All diagnostic tests are painless and are performed in collaboration with the patient.
- Laser photocoagulation
Laser photocoagulation takes place in an outpatient setting, with local anesthesia of the dilated pupil.
The laser ophthalmologist makes small burns in the affected areas, creating connective tissue that, depending on the diagnosis, seals the retinal hole, stops the leakage of abnormal thin-walled blood vessels or slows their growth.
You may experience light flicker or feel while your doctor is using a laser. This procedure can be repeated several times if necessary.
- Anti-VEGF treatment (eye injections)
Today, the standards of treatment have changed and the first line of treatment is the application of intravitreal injections from the group of anti-VEGF. The application of these injections is through local anesthesia with anesthetic drops and is completely painless.
The injection is given once a month for several months or a year. With the help of this therapy, in addition to stabilizing the condition of the retina, we often have an improvement in vision.
Vitrectomy is the most complex microsurgical operation that treats diseases of the posterior segment of the eye such as: bleeding in the eye, retinal detachment (retinal ablation), macular degeneration, diabetic retinopathy, rupture (hole) of the macula and the like.
The surgeon makes incisions through 4 small white holes (less than 1 mm) to remove the vitreous in the eye, after which it is replaced with a special gas (which is resorbed over time) or silicone oil. If the patient has ruptures (holes) in the retina, they are repaired by laser photocoagulation.
At the end of the operation, a tamponade is made with gas or silicone oil, which depends on the condition of the retina.
After the operation, the patient is taken to an apartment. About half an hour after the operation, the patient goes home (one-day surgery) with a bandage on the operated eye.
- Retinal ablation (retinal detachment)
Retinal ablation or retinal detachment is an emergency that must be operated on within 24 hours. At Sistina Ophthalmology we can organize the operation within 24 hours during a working day or a holiday.
In retinal ablation, vitrectomy is performed.
During the operation, the vitreous, which is painful and has caused the ablation, is removed. The vitreous is then replaced by the normal aqueous humor that the eye produces itself and the eye functions normally. Once the vitreous has been removed, retinal “holes” are identified, and the retina together with the holes are patched with the help of laser.
At the end of the operation, gas or silicone oil is placed in the eye to hold the retina until it is completely attached.
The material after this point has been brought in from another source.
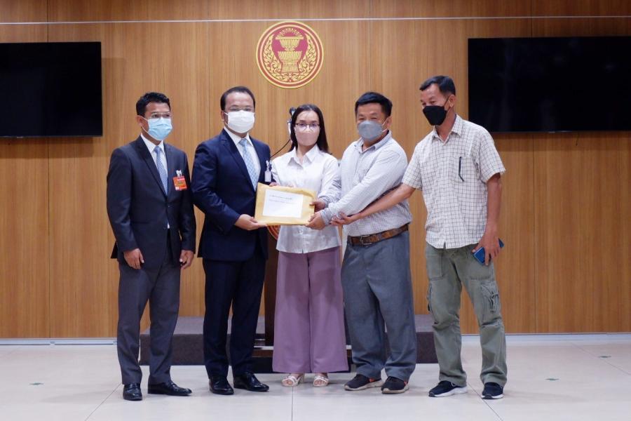 นายราเมศ รัตนะเชวง เลขานุการประธานรัฐสภา รับยื่นหนังสือ จาก น.ส.ปุณญาดา แววแก้ว ตัวแทนชาวบ้านตำบลตาอ็อง อำเภอเมืองสุรินทร์ จังหวัดสุรินทร์ และคณะ เรื่อง ขอให้กรมชลประทานส่งมอบคืนพื้นที่ให้กรมธนารักษ์ เพื่อนำที่ดินออกให้ประชาชนเช่าเพื่ออยู่อาศัย

The advantage of the gas is that it comes out of the eye by itself and after 2 to 6 weeks it is not necessary to go for additional surgery to remove the silicone oil. In cases where the ablation is not detected in time or it is complicated and has created scars in the eye, silicone oil is put which is then removed from the eye after several months, but it can remain for a year if the eye is severely damaged.